However, VW has already sold an electric Microbus in the United States, several of them in fact, though it was back in the 1960s and ’70s, and only for research purposes.
It turns out VW built several electric Golfs and Microbuses back then to test the feasibility of electric propulsion and charging. The electric Microbus featured here, a 1978 example officially known as the Elektrotransporter, is one of 10 examples that were sold to Electric Power Research Institute to test with the Tennessee Valley Authority.
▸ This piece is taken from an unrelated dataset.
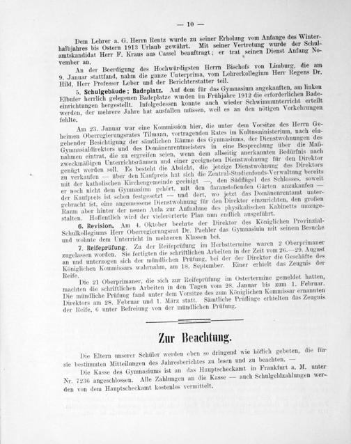 An der Beerdigung des Hochwürdigsten Herrn Bischofs von Limburg, die am 9. Januar stattfand, nahm die ganze Unterprima, vom Lehrerkollegium Herr Regens Dr. Hild, Herr Professor Leber und der Berichterstatter teil.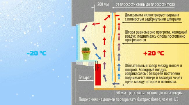 - disposer les rideaux de manière à ce qu'ils ne recouvrent pas les radiateurs (courts, lambrequins, décoratifs), ou soient à au moins 10 ... 15 cm du bord du rebord de la fenêtre. De plus, ils ne doivent pas toucher le sol et le radiateur .

Its powertrain consists of a single electric motor mounted to the Microbus’ original transmission. The transmission is fixed at second gear, limiting the vehicle’s top speed to just 48 mph. The electric motor is rated at 23 hp and draws its energy from an array of 24 lead-acid batteries that together weigh 1,225 pounds. There’s even an early form regenerative braking present.
VW recently acquired the Elektrotransporter and plans to fully restore it before adding it to its heritage fleet. The automaker will also display the vehicle at the 2021 Amelia Island Concours d’Elegance taking place at the Ritz Carlton in Amelia Island, Florida, this weekend.
If you’d also like to have your classic Microbus run on electricity, you can. Germany’s eClassics has worked closely with VW to develop a conversion kit using components shared with VW’s latest EVs like the ID.4.